Introduction: The tumor suppressor protein p53, known as the "guardian of the genome," plays a central role in maintaining genomic stability, cell cycle arrest, DNA repair, and apoptosis initiation in response to cellular stress. Dysfunction of p53 is a hallmark of human cancers, with mutations in the TP53 gene occurring in over 50% of all tumors. While many p53 mutations localize to its structured DNA-binding domain (DBD), directly disrupting its transcriptional activity, a significant number occur within its intrinsically disordered regions (IDRs), particularly the N-terminus. One such mutation is the proline-to-glycine substitution at position 4 (P4G).

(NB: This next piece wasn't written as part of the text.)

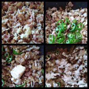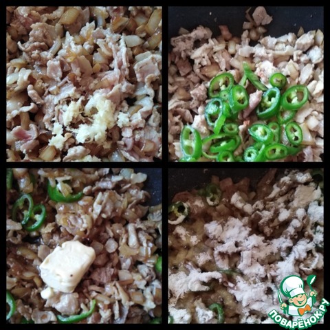 Добавить чеснок пресованный чеснокодавкой, перемешать. Нарезать перец, добавить к луку, положить сливочное масло 40 г, затем добавить 40 г муки и перемешать.
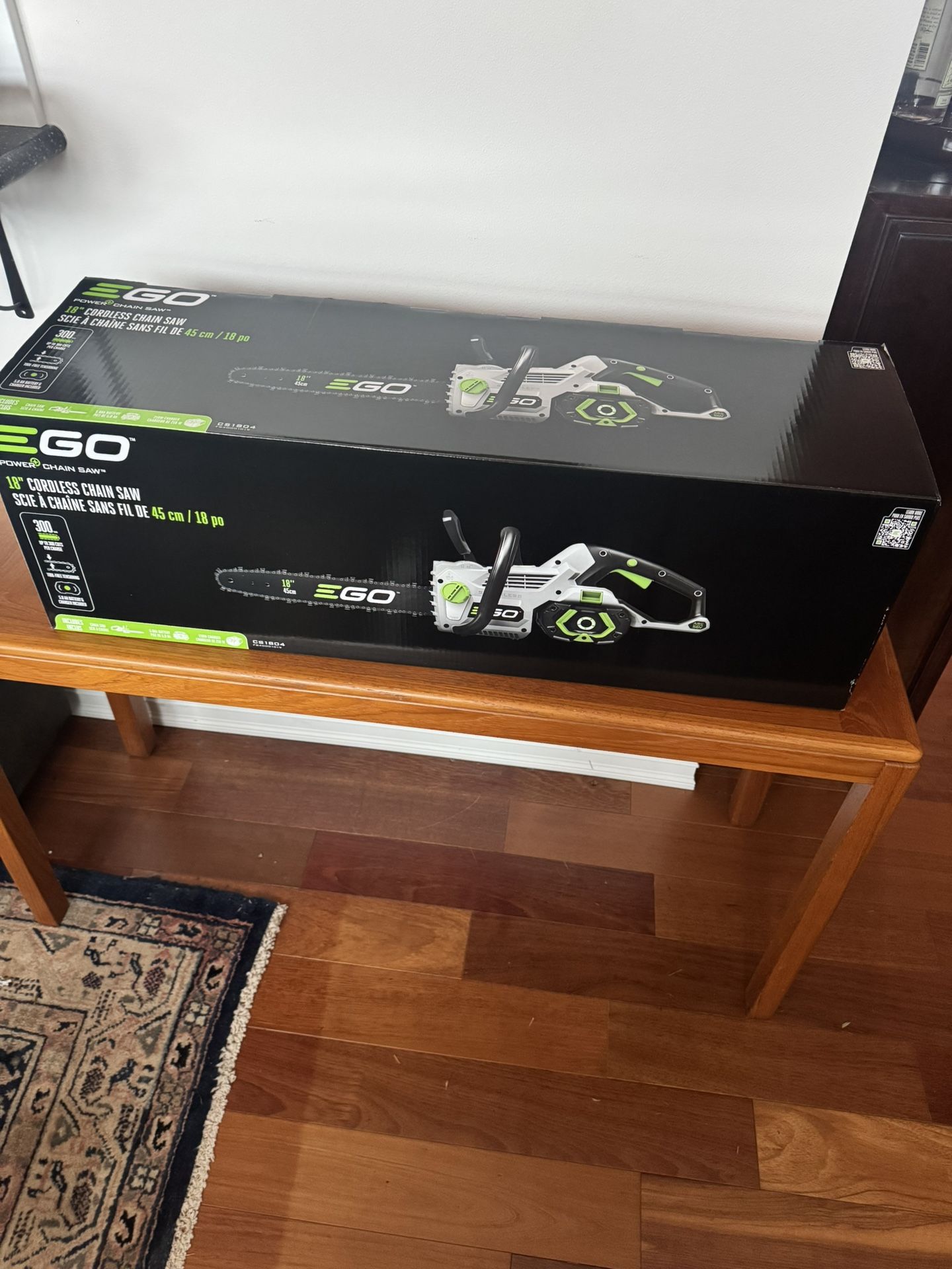 New inbox ego chainsaw with charger but no battery. $195 or best offer available to meet in Kingston Poulsbo or Silverdale depending on time and day. Thanks for looking. Have a great day.

The N-terminal region harbors the critical transcriptional activation domain 1 (TAD1), essential for interactions with key regulatory proteins such as MDM2 (p53’s primary negative regulator) and transcriptional coactivator complexes. Due to the lack of a stable three-dimensional structure in this region, the molecular mechanisms by which point mutations like P4G impair p53 function remain poorly understood. Conventional assumptions suggest that mutations in disordered regions have limited functional consequences. However, this study challenges that paradigm by proposing that such mutations may disrupt protein function not through structural alteration but by modulating conformational dynamics and thermodynamic properties.
Advances in artificial intelligence-based protein structure prediction, particularly AlphaFold2, now enable the generation of high-resolution atomic models and the analysis of dynamic features for both wild-type and mutant proteins. This study leverages this transformative technology to perform a comparative analysis of the wild-type and P4G mutant isoforms of p53, aiming to elucidate the molecular mechanism underlying this mutation and provide a new analytical framework for understanding how mutations in disordered regions contribute to disease pathogenesis.
Methods: This study utilized the advanced protein structure prediction system AlphaFold2 (version 2.3.1), developed by DeepMind, to generate high-resolution atomic three-dimensional models for both the wild-type and mutant (P4G) isoforms of the full-length human p53 protein. The protein sequences of both isoforms, corresponding to UniProt ID P04637, were used as input for the model.
Modeling was performed without applying any additional constraints, using AlphaFold's default database (including homologous sequences and experimental structures). For each isoform, five independent models (ranked_1 to ranked_5) and full confidence matrices (pLDDT and PAE) were generated. The ranked_1 model (with the highest confidence score) from each isoform was selected for subsequent analysis.
Qualitative and quantitative analysis of the results focused on the predicted local distance difference test (pLDDT) metric for each amino acid position, particularly in the N-Terminus region (residues 1–100) and the DNA-binding domain (residues 100–300). Direct comparison of the pLDDT profiles of the two isoforms was conducted to identify any differences in predicted structural accuracy. Furthermore, by considering the intrinsic physicochemical properties of proline and glycine (including side chain characteristics, bond angles, and conformational entropy), a robust inference was made regarding the impact of this substitution on the local dynamics and transient interaction potential of the mutated region. All structural visualizations and graphs were generated and processed using specialized structural biology software (PyMOL and ggplot2 in R).
A large language model was used for assistance in editing and drafting the manuscript.
Results: Using the advanced protein structure prediction system AlphaFold2, high-resolution atomic models were generated for both the wild-type and mutant (P4G) isoforms of the p53 protein. Comparative quantitative analysis revealed that the mutation has no discernible impact on the overall structural integrity of the protein, as the predicted confidence score (pLDDT) was identical across all positions, including the DNA-Binding Domain (DBD), between the two isoforms. However, a qualitative analysis of the physicochemical properties of the amino acid substitution revealed a fundamental local dynamic disruption in the N-Terminus region. The replacement of rigid Proline with flexible Glycine resulted in a significant increase in conformational freedom and a probable alteration in the potential for transient interactions within this region, which contains the Transcriptional Activation Domain (TAD) and the primary epitope for MDM2 binding.
Conclusion: The findings of this study demonstrate that the P4G mutation in p53 is a prime example of a "functionally disruptive yet dynamically originated mutation" rather than a structural one. While the protein's core domain remains structurally intact, the substitution fundamentally alters the dynamic and thermodynamic profile of the regulatory N-Terminal hub. This local dynamic perturbation has a high potential to disrupt two critical functions: allosteric binding patterns to key regulatory partners like MDM2, and the efficiency of assembling transcriptional activation complexes. Consequently, this seemingly minor mutation, by creating a disturbance in the protein's "dynamic language," can severely disrupt the tumor suppressor signaling pathway, potentially acting as an initial driver in oncogenesis. This research underscores the critical principle that "disorder does not equate to lack of function" and highlights the necessity of studying the dynamics of intrinsically disordered regions (IDRs) to fully understand disease pathogenesis, paving the way for novel therapeutic strategies focused on modulating protein dynamics.